Down to the last word, output the records below, skipping any images.

Records from a data source:
------------------------------------------------------------
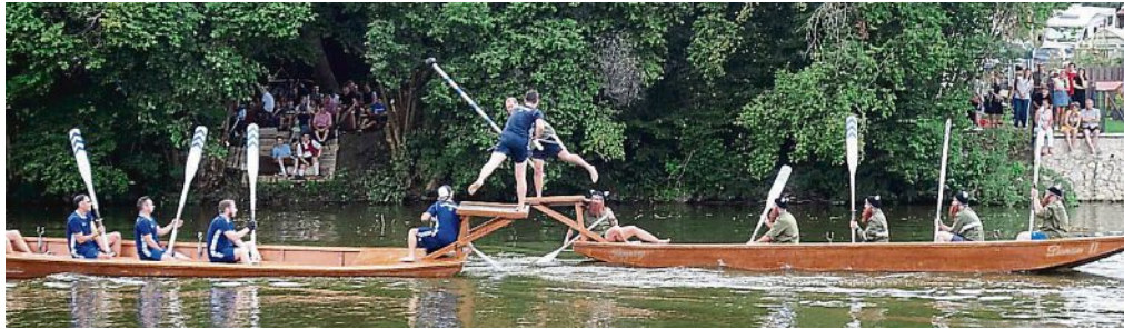
Die Wikinger der Freiwilligen Feuerwehr Oberdrauburg im Stechen mit dem Siegerteam, der AH-2.0 vom TSV Türkenfeld.

Bei dem französischen Fischerstechen fahren zwei Boote, von gegenüberliegenden Ufern in flottem Tempo aufeinander zu. Die mit langen Holzlanzen bewaffneten Stecher versuchten, sich gegenseitig vom Podest am
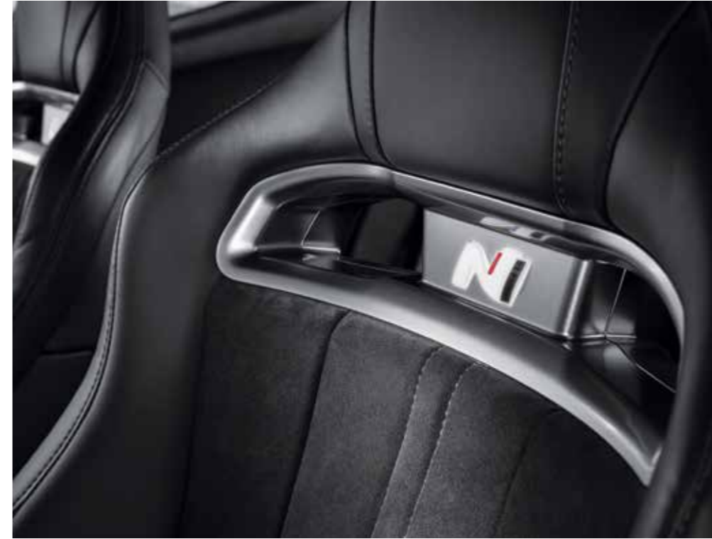
N 라이트 스포츠 버킷 시트 (N 로고 웰컴 점등, 알칸타라 스웨이드 적용)
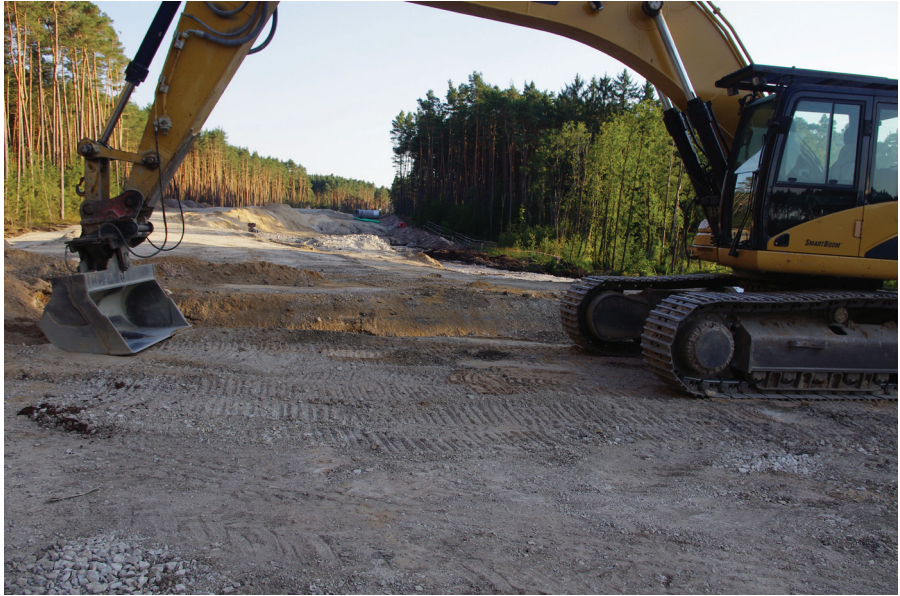
Abb. 11: Das Bild mit Blick nach Süden vermittelt einen Eindruck vom Flächenverbrauch dieser neuen Straßentrasse. Rechts hinter dem Bagger die hellgrünen Erlen des Feuchtgebiets. Hinter der Baggerschaufel beginnt der Graben des Löchlbrunnens, nun weitgehend schon verhüllt mit Schotter.
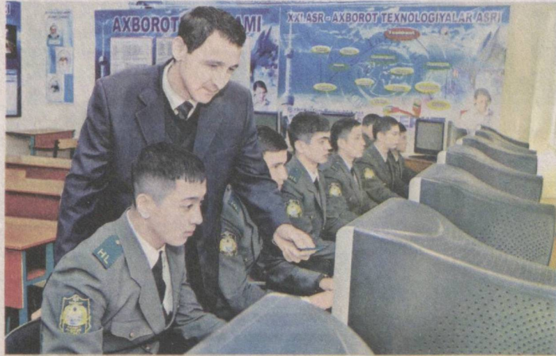
Курсанты стремятся к знаниям.
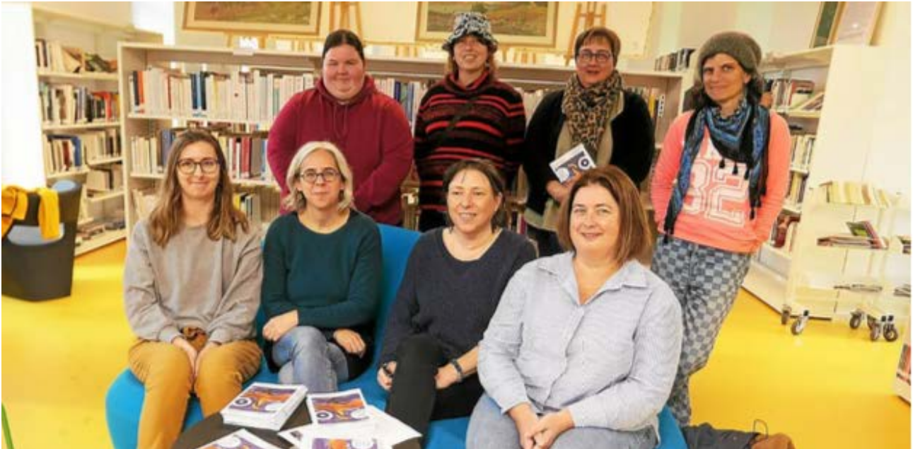
Les organisateurs et les partenaires du Mois du Doc pour le Cap-Sizun.

Dans le cadre de la 26 e édition du Mois du Doc, événement destiné à promouvoir les documentaires, plusieurs projections ouvertes au public auront lieu sur le Cap-Sizun et à l'île de Sein. La première aura lieu vendredi 14 novembre à 19 h, à Pont-Croix, avec « Naig ha me, Naig et moi ». Réservation conseillée au 07 83 88 75 57. Tarifs : normal 12€, réduit 10€.
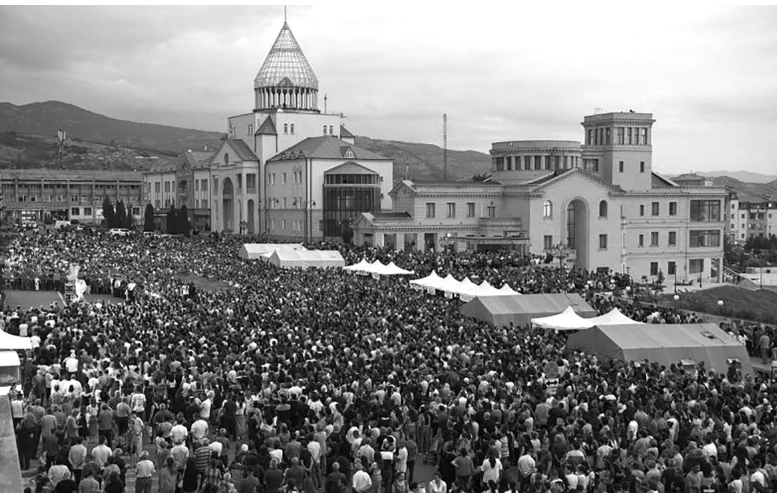
ԱՐՑԱՄԻ ՎԱՃԱՌՔԻ ԵՆԹԱԿԱ ՉԷ

Ամբողջությամբ կամ մասնակի ներկայացնում ենք հնչած ելույթներից մի քանիսը, որոնք լավագույնս են բնութագրում Արցախի մաքառումը և մեր ժողովրդի կամքը:
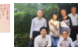
～ ～ ～ ～ ～ 夕食【いも膳】さんで “いも懐石 (さつまいもづくし)” を頂きました ～ ～ ～ ～ ～
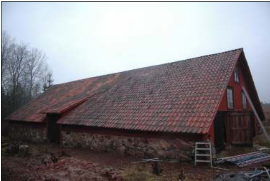
Östra takfallet omlagt med befintligt tegel och kompletteringstegel
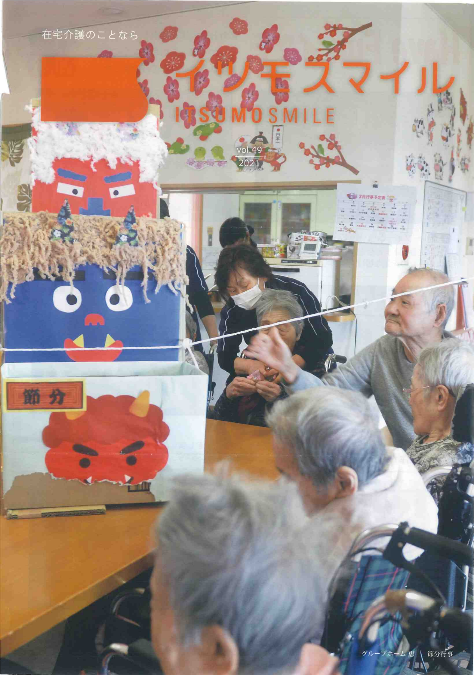
グループホーム 恵 節分行事
------------------------------------------------------------
● Exercise response
Die Wikinger der Freiwilligen Feuerwehr Oberdrauburg im Stechen mit dem Siegerteam, der AH-2.0 vom TSV Türkenfeld.

Bei dem französischen Fischerstechen fahren zwei Boote, von gegenüberliegenden Ufern in flottem Tempo aufeinander zu. Die mit langen Holzlanzen bewaffneten Stecher versuchten, sich gegenseitig vom Podest am
N 라이트 스포츠 버킷 시트 (N 로고 웰컴 점등, 알칸타라 스웨이드 적용)
Abb. 11: Das Bild mit Blick nach Süden vermittelt einen Eindruck vom Flächenverbrauch dieser neuen Straßentrasse. Rechts hinter dem Bagger die hellgrünen Erlen des Feuchtgebiets. Hinter der Baggerschaufel beginnt der Graben des Löchlbrunnens, nun weitgehend schon verhüllt mit Schotter.
Курсанты стремятся к знаниям.
Les organisateurs et les partenaires du Mois du Doc pour le Cap-Sizun.

Dans le cadre de la 26 e édition du Mois du Doc, événement destiné à promouvoir les documentaires, plusieurs projections ouvertes au public auront lieu sur le Cap-Sizun et à l'île de Sein. La première aura lieu vendredi 14 novembre à 19 h, à Pont-Croix, avec « Naig ha me, Naig et moi ». Réservation conseillée au 07 83 88 75 57. Tarifs : normal 12€, réduit 10€.
ԱՐՑԱՄԻ ՎԱՃԱՌՔԻ ԵՆԹԱԿԱ ՉԷ

Ամբողջությամբ կամ մասնակի ներկայացնում ենք հնչած ելույթներից մի քանիսը, որոնք լավագույնս են բնութագրում Արցախի մաքառումը և մեր ժողովրդի կամքը:
～ ～ ～ ～ ～ 夕食【いも膳】さんで “いも懐石 (さつまいもづくし)” を頂きました ～ ～ ～ ～ ～
Östra takfallet omlagt med befintligt tegel och kompletteringstegel
グループホーム 恵 節分行事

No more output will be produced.